AIM OF THE TASK:
Retype every line from the start of the data down to and including the line with "高品质出厂女 !男 !小众潮牌情侣款!". Skip the pictures.

DATA SEGMENT:

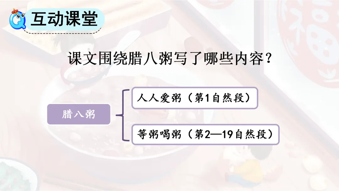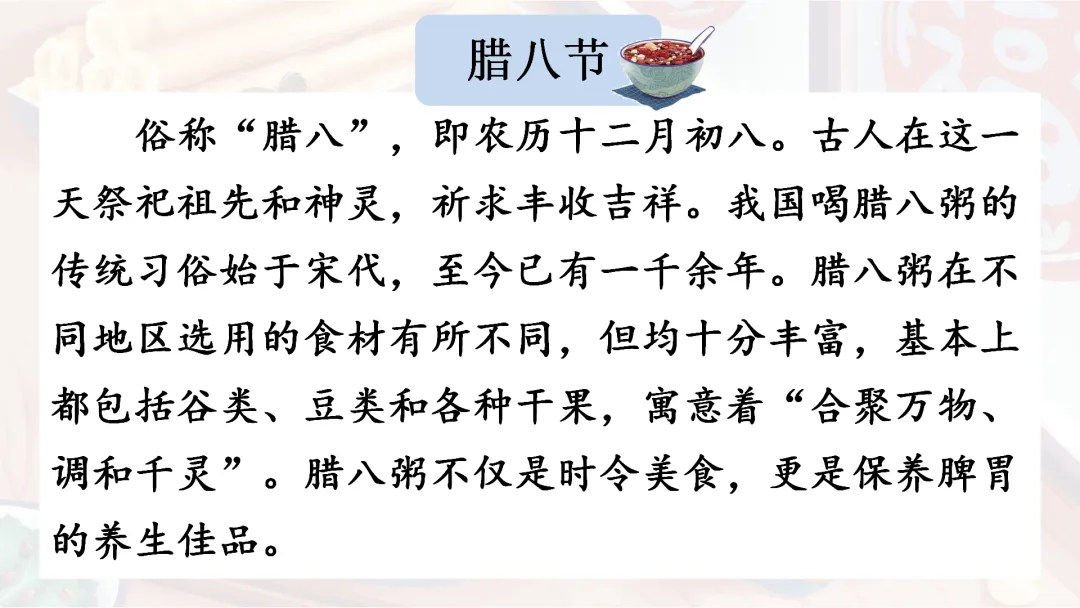 (设计意图:让学生了解腊八粥的相关内容,有助于学生对本课内容的理解,并激发学生学习的积极性和主动性。)
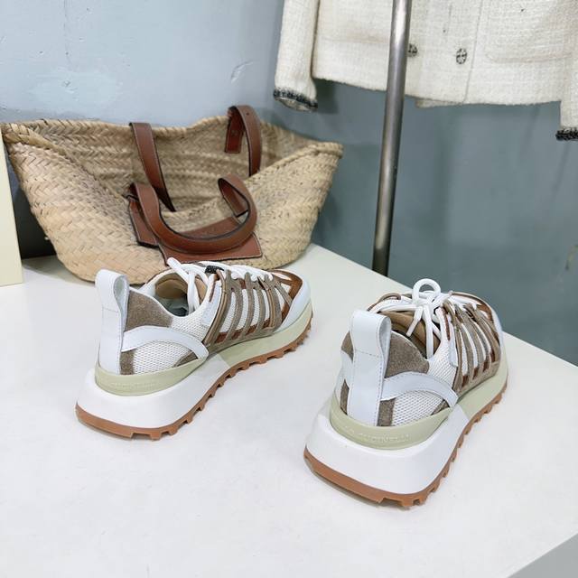 高品质出厂女 !男 !小众潮牌情侣款! Brunellocucinelli Bc25秋冬新款新品厚底阿甘休闲运动鞋 装饰镶珠运动鞋 原版一比一复刻高丝光牛反绒、
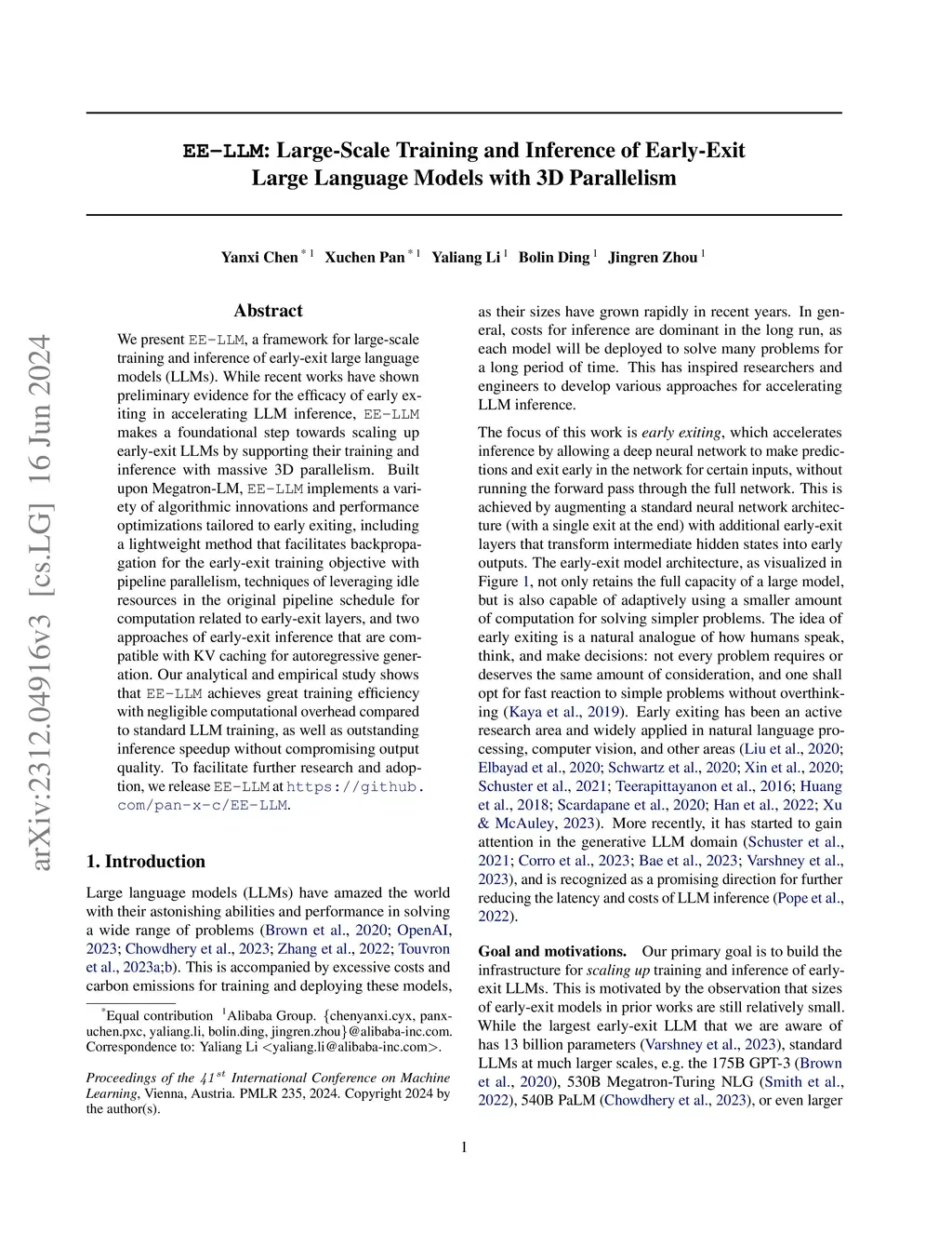 We present EE-LLM, a framework for large-scale training and inference of early-exit large language models (LLMs). While recent works have shown preliminary evidence for the efficacy of early exiting in accelerating LLM inference, EE-LLM makes a foundational step towards scaling up early-exit LLMs by supporting their training and inference with massive 3D parallelism. Built upon Megatron-LM, EE-LLM implements a variety of algorithmic innovations and performance optimizations tailored to early exiting, including a lightweight method that facilitates backpropagation for the early-exit training objective with pipeline parallelism, techniques of leveraging idle resources in the original pipeline schedule for computation related to early-exit layers, and two approaches of early-exit inference that are compatible with KV caching for autoregressive generation. Our analytical and empirical study shows that EE-LLM achieves great training efficiency with negligible computational overhead compared to standard LLM training, as well as outstanding inference speedup without compromising output quality. To facilitate further research and adoption, we release EE-LLM at https://github.com/pan-x-c/EE-LLM.

YOUR RESPONSE:
 (设计意图:让学生了解腊八粥的相关内容,有助于学生对本课内容的理解,并激发学生学习的积极性和主动性。)
 高品质出厂女 !男 !小众潮牌情侣款! Brunellocucinelli Bc25秋冬新款新品厚底阿甘休闲运动鞋 装饰镶珠运动鞋 原版一比一复刻高丝光牛反绒、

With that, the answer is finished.